Why do we use reference orbital?
Because the driving force for an electron in an orbital to be transferred (donated) to another orbital (an acceptor orbital) is related to the difference in energy between the orbital not the absolute energy.
In the diagram in each case the electron will end up on the lowest relative energy level. In organic chemistry we often think of CH3O and (CH3)2N as donors even though nitrogen and oxygen are more electronegative than carbon (i.e. their orbital are lower in energy than carbon?
Why is this?
First to be fair we should compare orbitals with equal occupancy and if we compared CH3O and (CH3)2N to (CH3)2C– we would think that the carbanion was a better donor than the methoxy group or the amino group.

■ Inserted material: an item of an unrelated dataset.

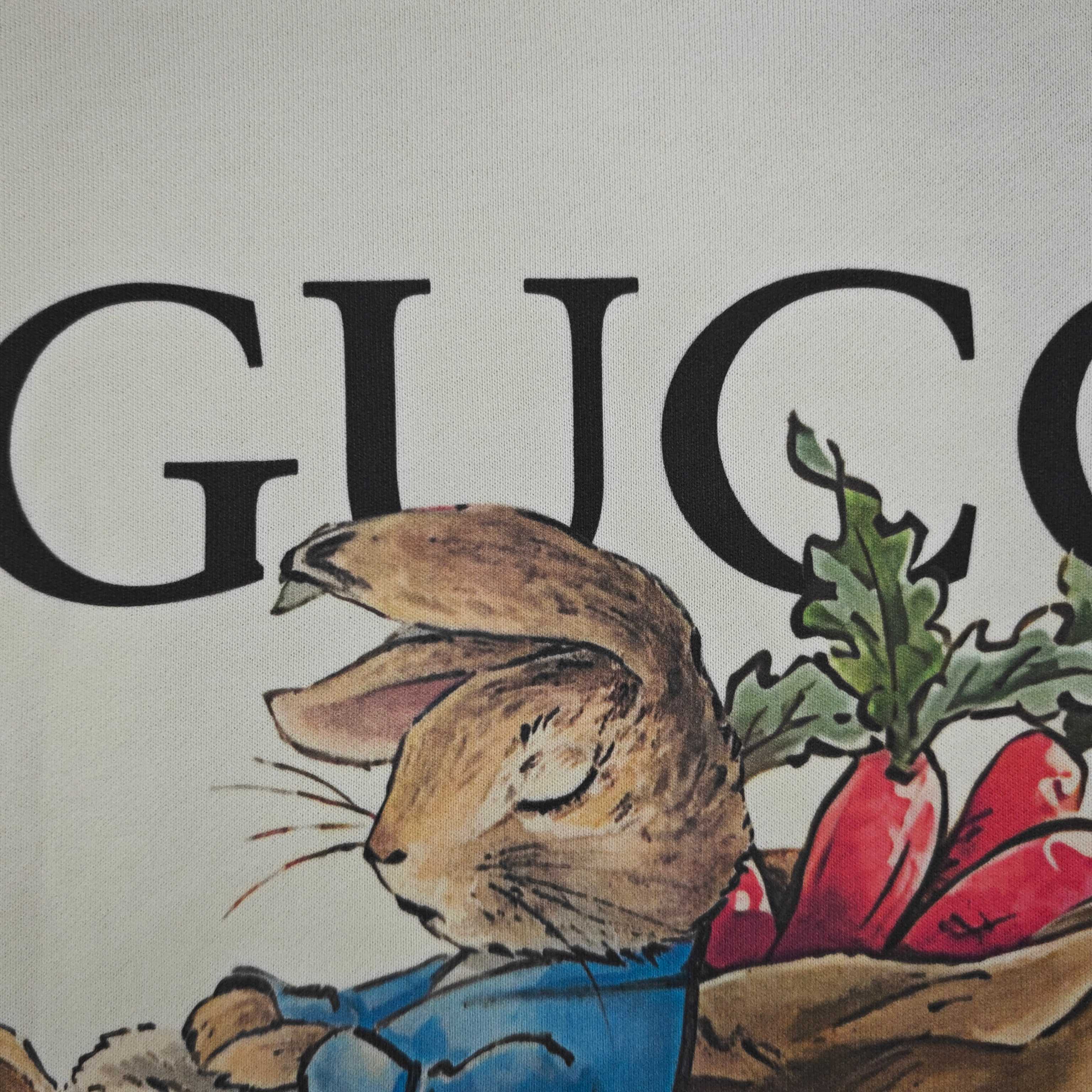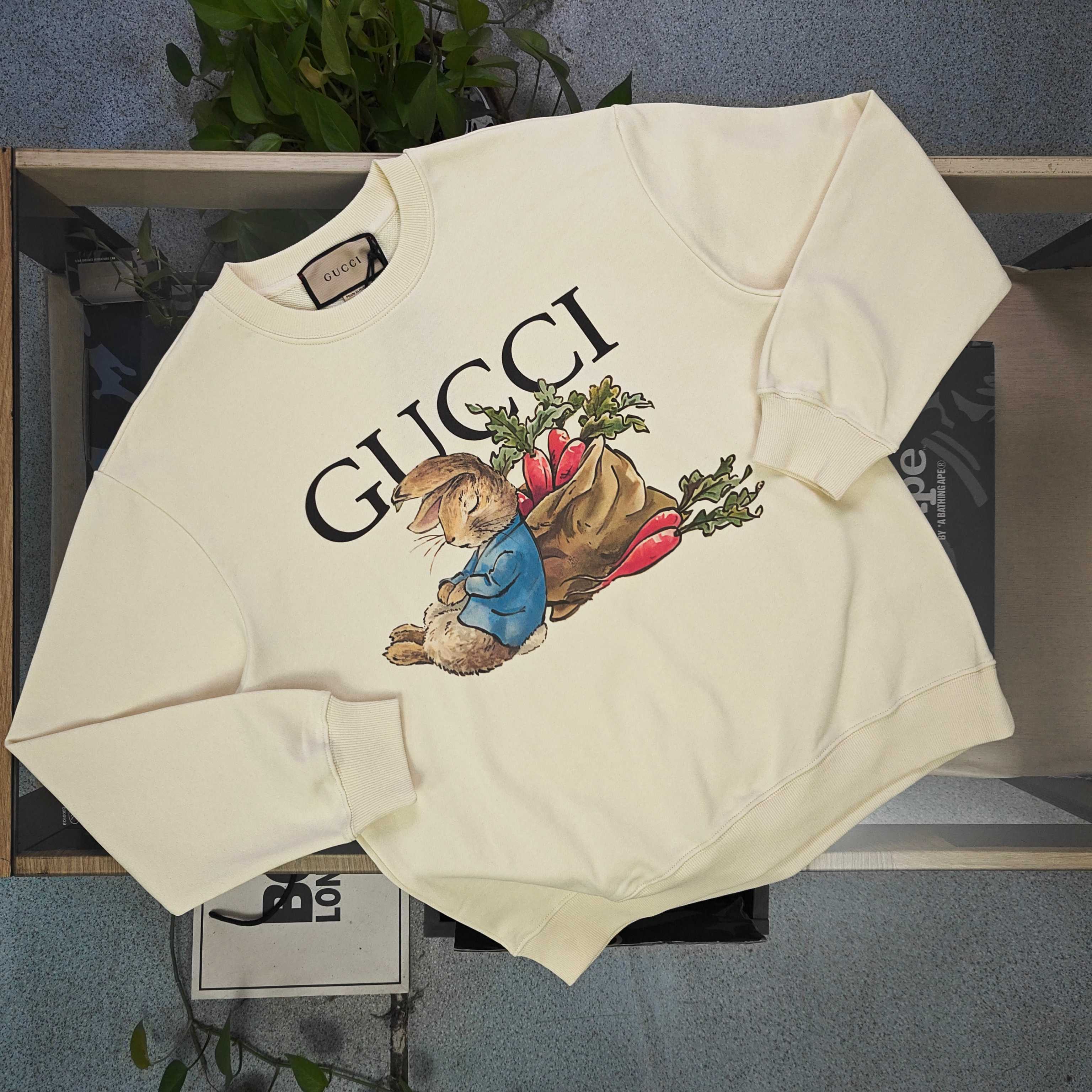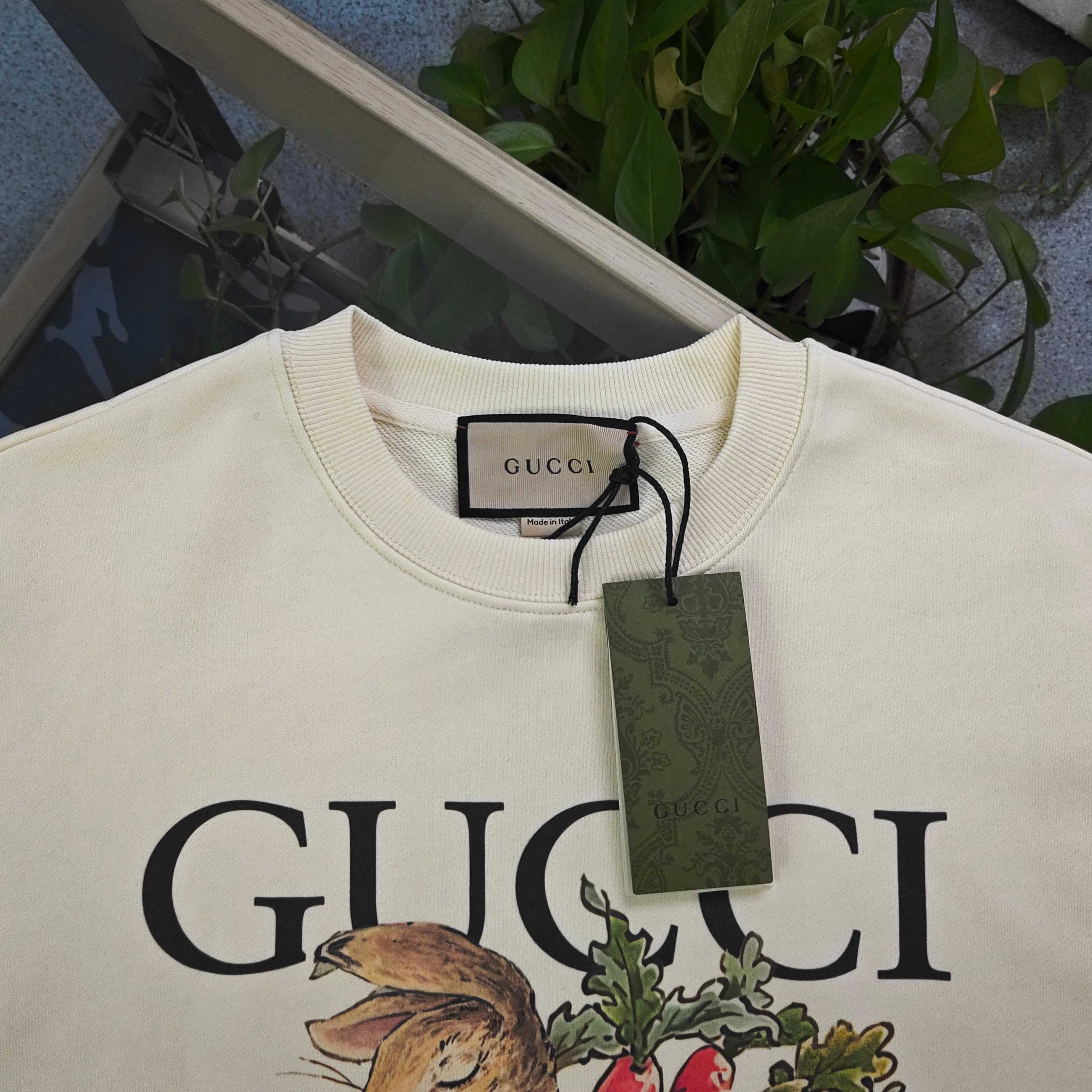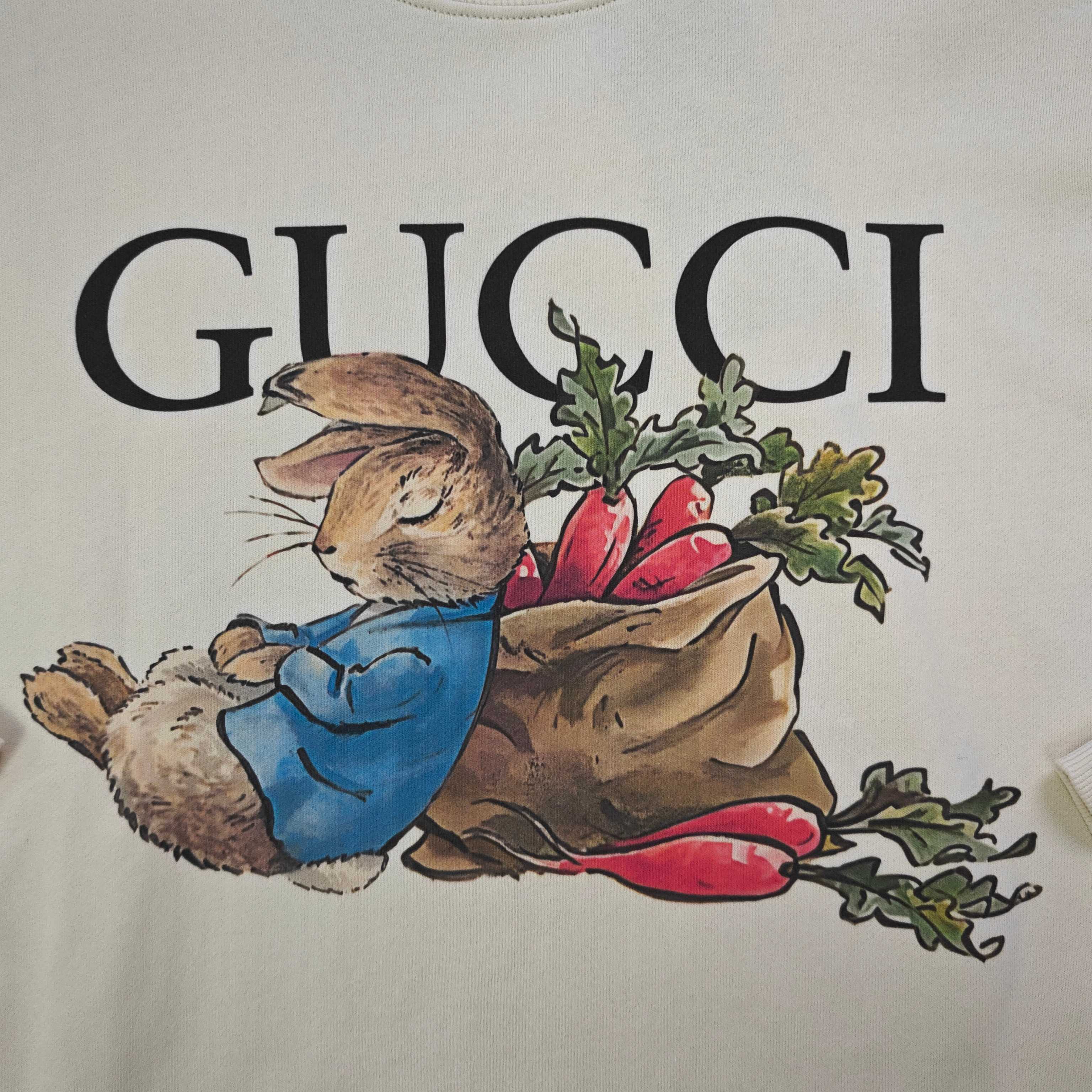 2025秋冬新款Gucci古驰胡萝卜兔图案logo印花休闲情侣圆领卫衣 380g大毛圈面料 厚实亲肤且挺括 秋冬穿着保暖性绝佳 给你满满穿搭安全感 奶油色衣身之上 GUCCI标识与胡萝卜 萌兔图案巧妙融合 甜趣又具品牌辨识度 圆领设计简约大气 宽松版型适配各类身形

Consider what happens to the molecular orbitals of ethylene when we attach donors or acceptor groups to them. The donor case:
- When the the donor orbital mixes with the molecular orbitals of ethylene it is higher in energy then the the HOMO of ethylene.
- It mixes more with the HOMO than the LUMO because they are closer in energy (perturbation theory).
- As a result of the mixing two new filled orbitals are created and the highest occupied MO is now higher in energy than either the amine orbital or the original ethylene HOMO. This orbital is delocalized and has both carbon and nitrogen character. In fact the orbital will in many ways resemble those of allyl anion.
- The HOMO-LUMO energy is now smaller
The same arguments will hold in reverse for the acceptor case.